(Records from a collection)
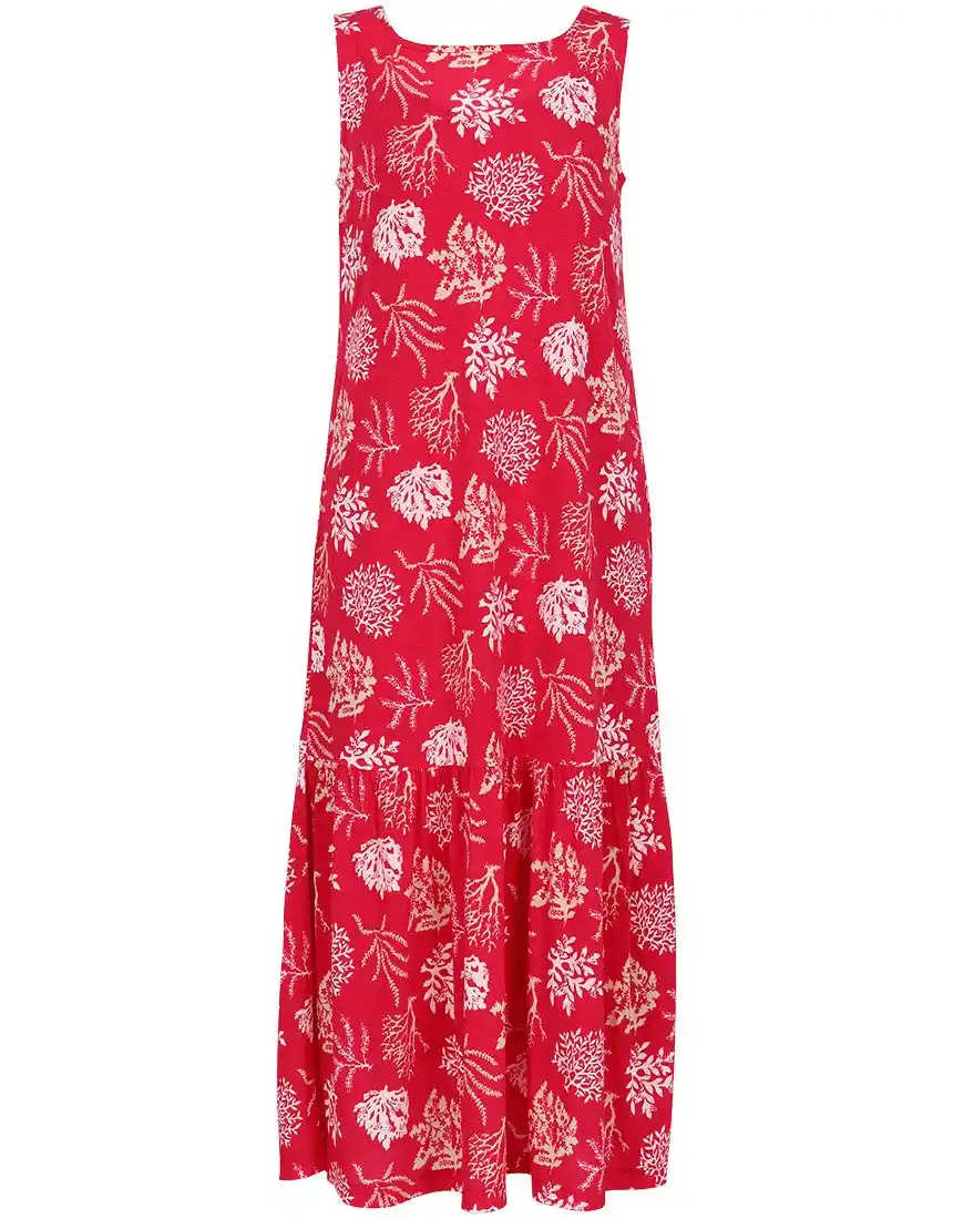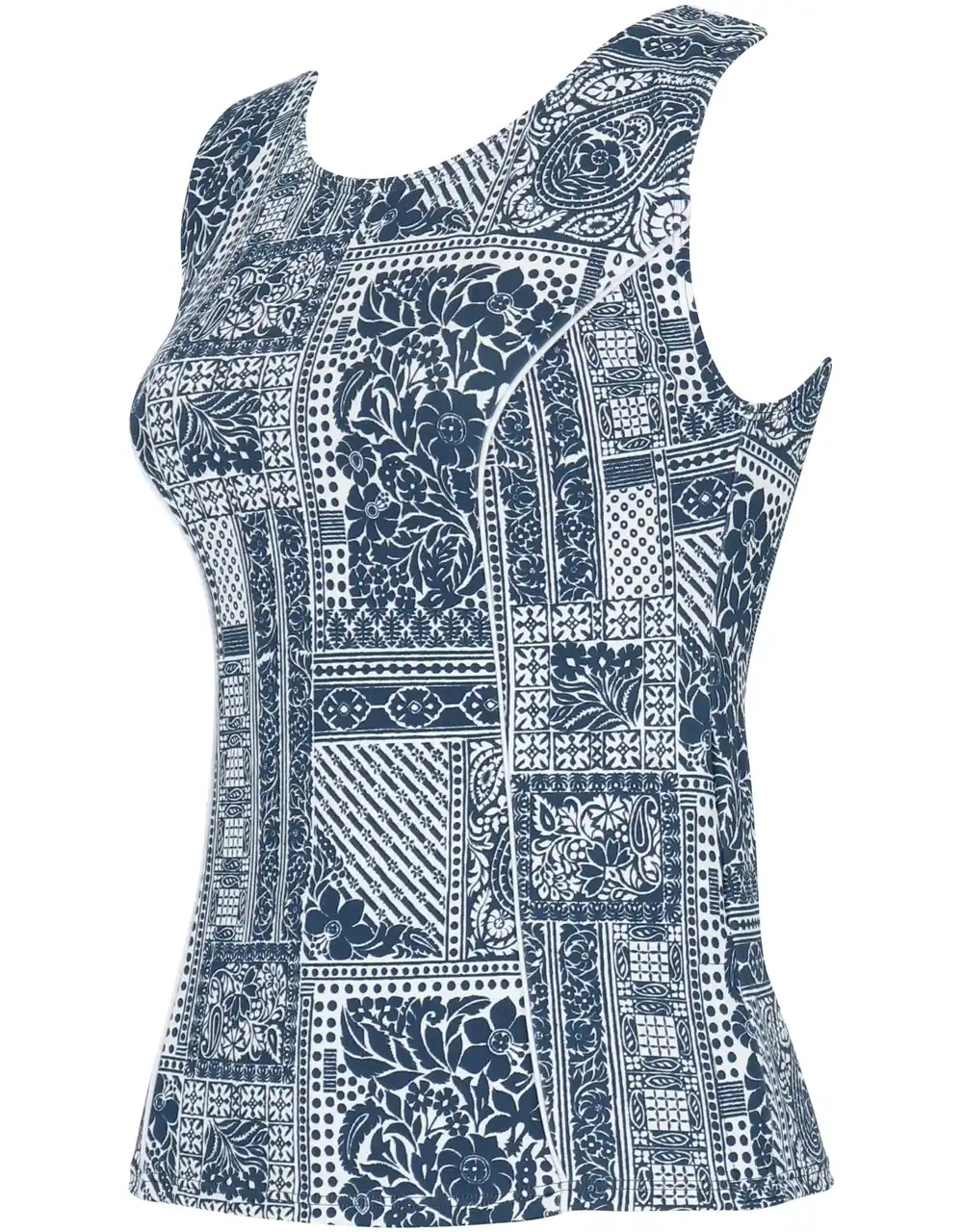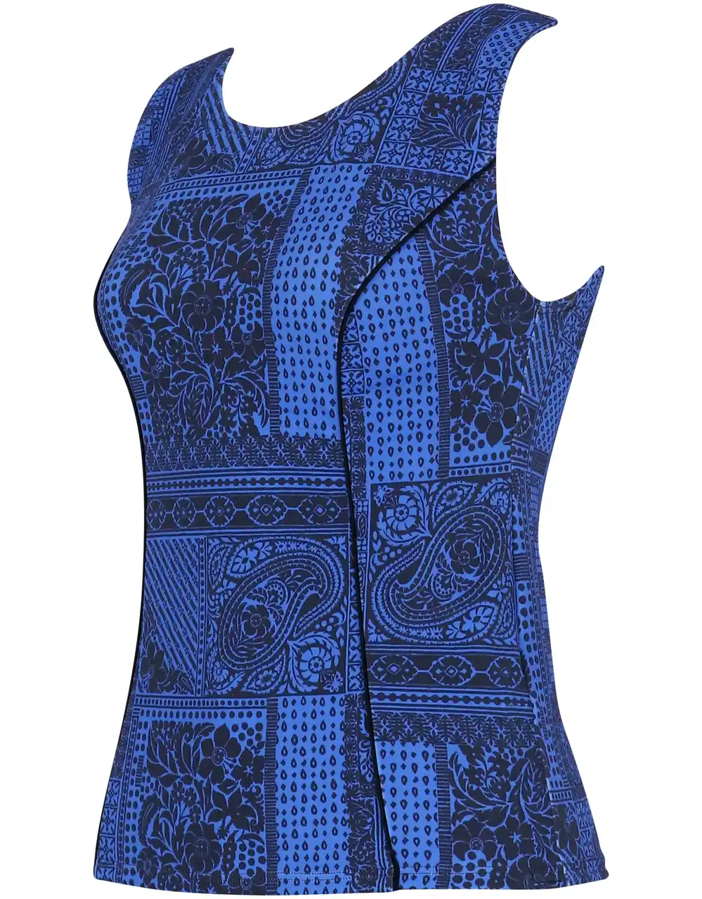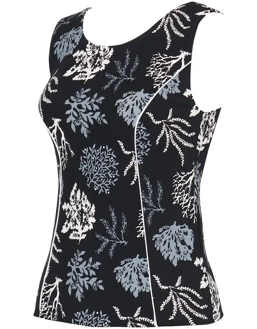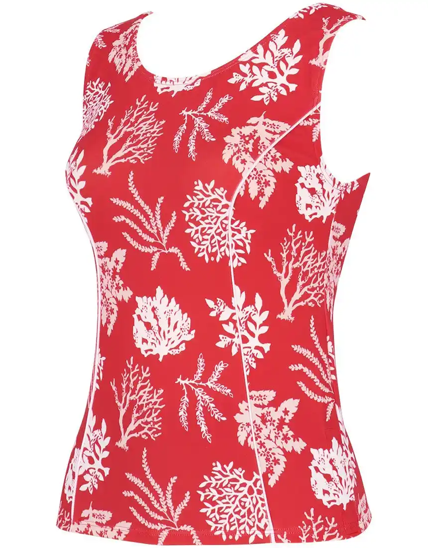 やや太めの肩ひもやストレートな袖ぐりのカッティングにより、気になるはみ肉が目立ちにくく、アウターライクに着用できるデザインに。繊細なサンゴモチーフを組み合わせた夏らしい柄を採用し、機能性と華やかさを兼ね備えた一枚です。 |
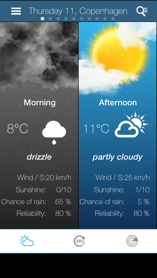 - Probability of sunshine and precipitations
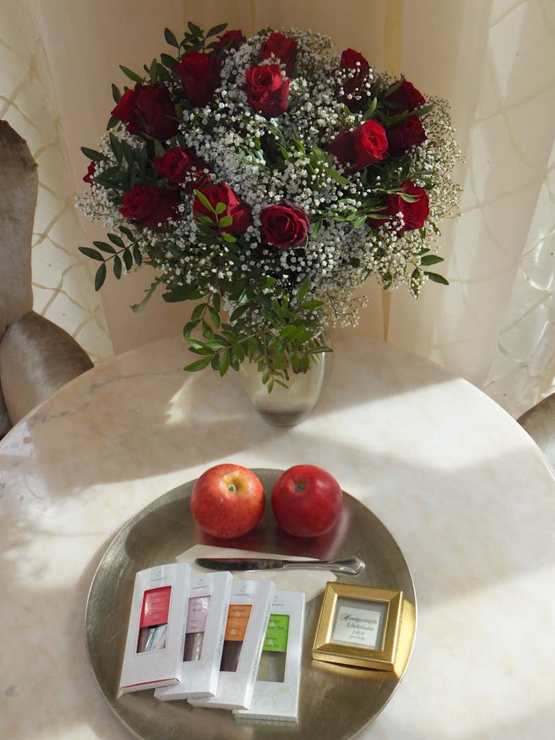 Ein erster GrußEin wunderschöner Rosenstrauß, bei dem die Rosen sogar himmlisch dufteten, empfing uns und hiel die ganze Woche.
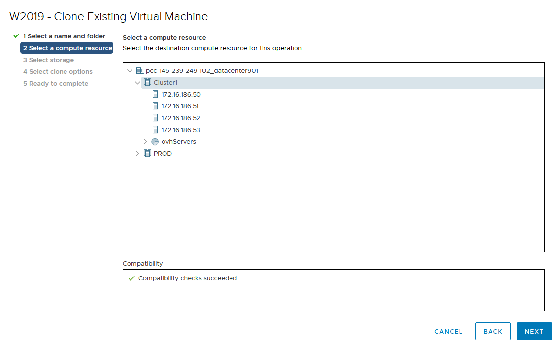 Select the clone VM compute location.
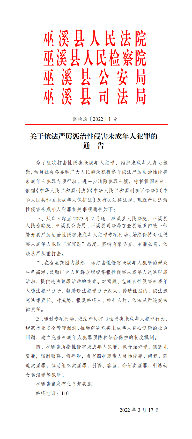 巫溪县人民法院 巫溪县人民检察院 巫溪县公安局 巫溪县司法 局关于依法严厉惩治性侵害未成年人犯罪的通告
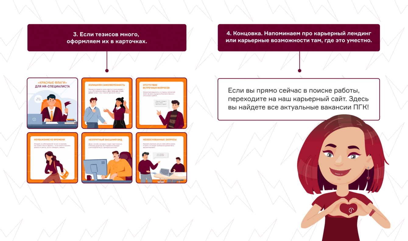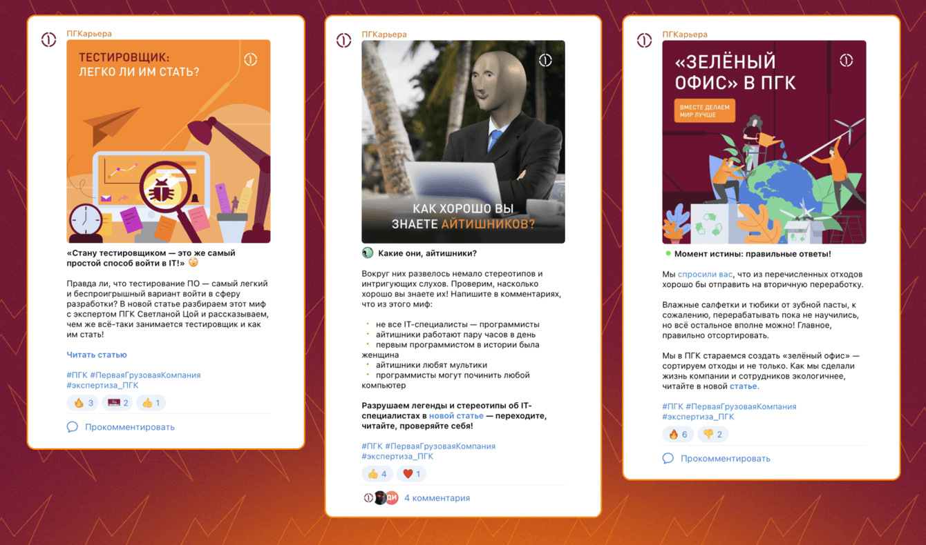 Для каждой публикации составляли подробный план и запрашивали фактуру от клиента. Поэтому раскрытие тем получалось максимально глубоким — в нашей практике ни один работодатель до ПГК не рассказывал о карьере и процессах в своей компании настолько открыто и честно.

-- THE TASK --
For this exercise, return exactly the lines above from the line with "Ein erster GrußEin" through the line with "巫溪县人民法院 巫溪县人民检察院 巫溪县公安局", both included. Do not copy the pictures.

-- EXERCISE OUTPUT --
 Ein erster GrußEin wunderschöner Rosenstrauß, bei dem die Rosen sogar himmlisch dufteten, empfing uns und hiel die ganze Woche.
 Select the clone VM compute location.
 巫溪县人民法院 巫溪县人民检察院 巫溪县公安局 巫溪县司法 局关于依法严厉惩治性侵害未成年人犯罪的通告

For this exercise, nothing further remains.